BEGIN COLLECTED DATA

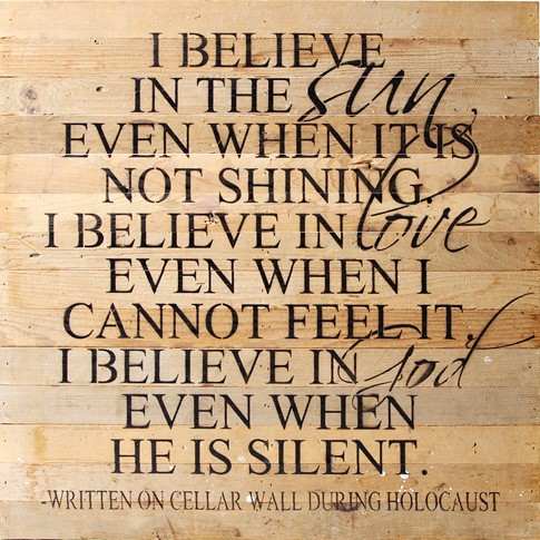 “I believe in God even when he is silent” – That for me has always been very hard, but I try to remind myself that maybe it’s me who isn’t ‘being still’ and listening for God to speak to me, and guide me. But if someone in a prison cell during the holocaust can keep on believing in those circumstances, surely I can when I’m having a tough day.
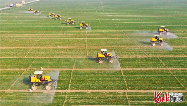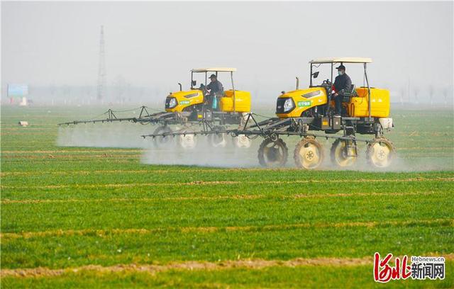 3月10日,在石家庄市藁城区梅花镇梅花村麦田里,藁城区丰可得农机种植专业合作社的社员驾驶自走式喷雾机进行一喷综防作业。进入春耕时节,河北省各地农民们正抢抓农时进行田间管护,积极开展春耕生产。河北日报记者 史晟全摄
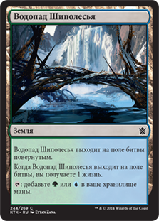 | Rules | Thornwood Falls enters the battlefield tapped. When Thornwood Falls enters the battlefield, you gain 1 life. : Add or . |
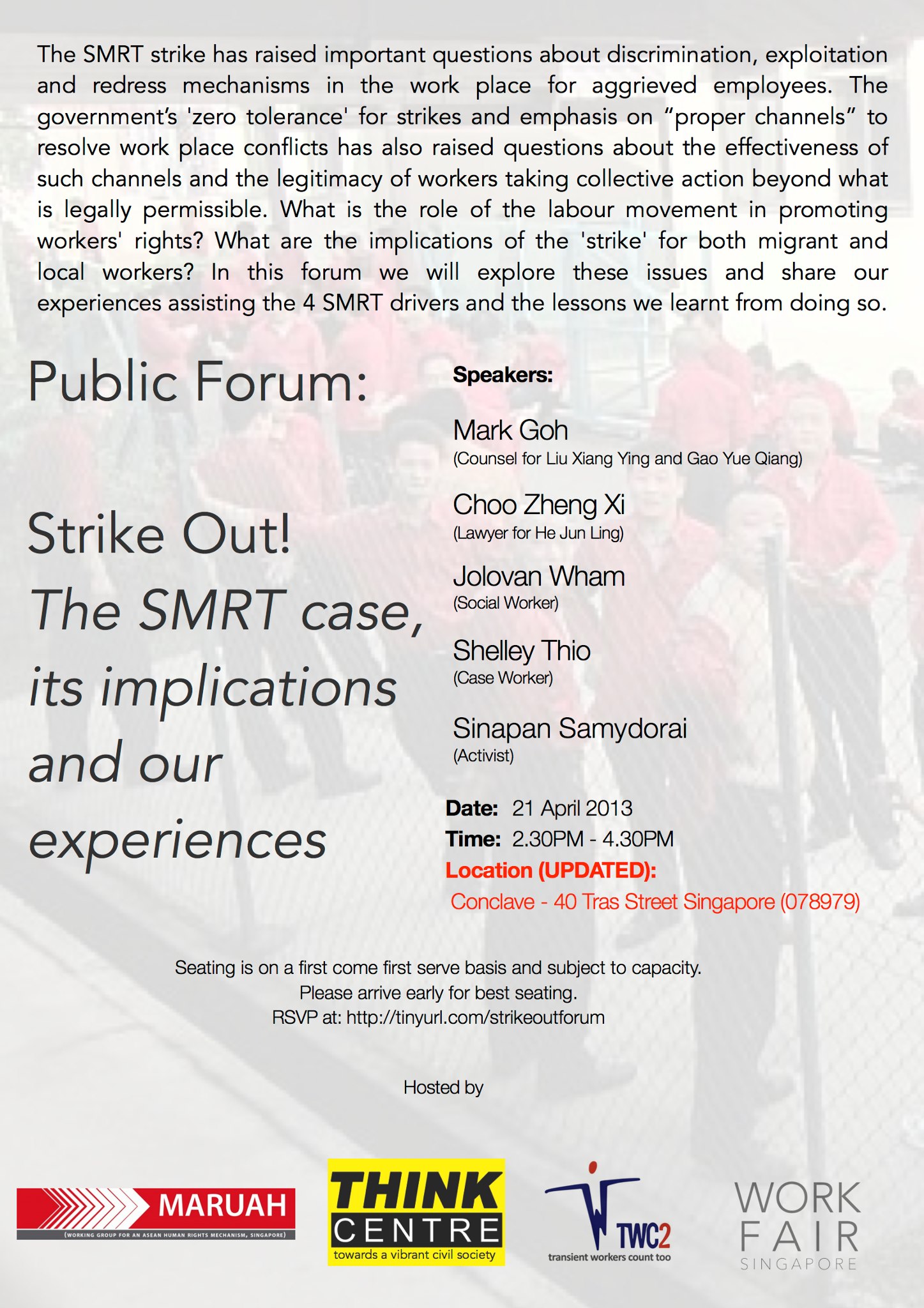 Join us at a public forum to discuss the recent SMRT strike, and its impact on human rights in Singapore.

END COLLECTED DATA

YOUR GOAL: Set down exactly, from the line that contains "3月10日,在石家庄市藁城区" through the last line of the data, each line as it stands, and leave the pictures out.

EXERCISE RESULT:
 3月10日,在石家庄市藁城区梅花镇梅花村麦田里,藁城区丰可得农机种植专业合作社的社员驾驶自走式喷雾机进行一喷综防作业。进入春耕时节,河北省各地农民们正抢抓农时进行田间管护,积极开展春耕生产。河北日报记者 史晟全摄
 | Rules | Thornwood Falls enters the battlefield tapped. When Thornwood Falls enters the battlefield, you gain 1 life. : Add or . |
 Join us at a public forum to discuss the recent SMRT strike, and its impact on human rights in Singapore.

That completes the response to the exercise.